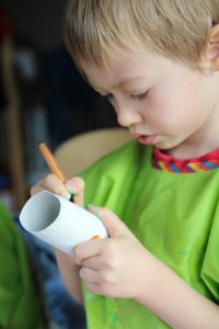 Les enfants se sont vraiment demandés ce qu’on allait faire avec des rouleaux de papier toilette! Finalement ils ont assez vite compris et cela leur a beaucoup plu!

....

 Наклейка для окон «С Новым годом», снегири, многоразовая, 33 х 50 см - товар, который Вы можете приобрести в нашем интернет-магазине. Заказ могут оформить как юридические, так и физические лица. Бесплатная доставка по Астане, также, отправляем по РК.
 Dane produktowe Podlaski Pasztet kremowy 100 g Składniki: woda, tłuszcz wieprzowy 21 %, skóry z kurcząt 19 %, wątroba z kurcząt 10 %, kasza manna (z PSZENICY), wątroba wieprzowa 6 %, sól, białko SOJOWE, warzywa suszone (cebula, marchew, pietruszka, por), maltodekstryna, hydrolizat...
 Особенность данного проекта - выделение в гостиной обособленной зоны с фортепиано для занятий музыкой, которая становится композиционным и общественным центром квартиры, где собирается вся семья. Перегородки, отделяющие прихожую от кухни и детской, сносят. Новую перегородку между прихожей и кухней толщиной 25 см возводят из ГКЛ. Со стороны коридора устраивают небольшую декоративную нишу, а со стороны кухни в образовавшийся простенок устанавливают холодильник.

....

**What the exercise asks**: The response must hold only the lines above from the line with "Наклейка для окон" through the line with "Особенность данного проекта", each copied exactly, both ends kept.

**Written reply**:
 Наклейка для окон «С Новым годом», снегири, многоразовая, 33 х 50 см - товар, который Вы можете приобрести в нашем интернет-магазине. Заказ могут оформить как юридические, так и физические лица. Бесплатная доставка по Астане, также, отправляем по РК.
 Dane produktowe Podlaski Pasztet kremowy 100 g Składniki: woda, tłuszcz wieprzowy 21 %, skóry z kurcząt 19 %, wątroba z kurcząt 10 %, kasza manna (z PSZENICY), wątroba wieprzowa 6 %, sól, białko SOJOWE, warzywa suszone (cebula, marchew, pietruszka, por), maltodekstryna, hydrolizat...
 Особенность данного проекта - выделение в гостиной обособленной зоны с фортепиано для занятий музыкой, которая становится композиционным и общественным центром квартиры, где собирается вся семья. Перегородки, отделяющие прихожую от кухни и детской, сносят. Новую перегородку между прихожей и кухней толщиной 25 см возводят из ГКЛ. Со стороны коридора устраивают небольшую декоративную нишу, а со стороны кухни в образовавшийся простенок устанавливают холодильник.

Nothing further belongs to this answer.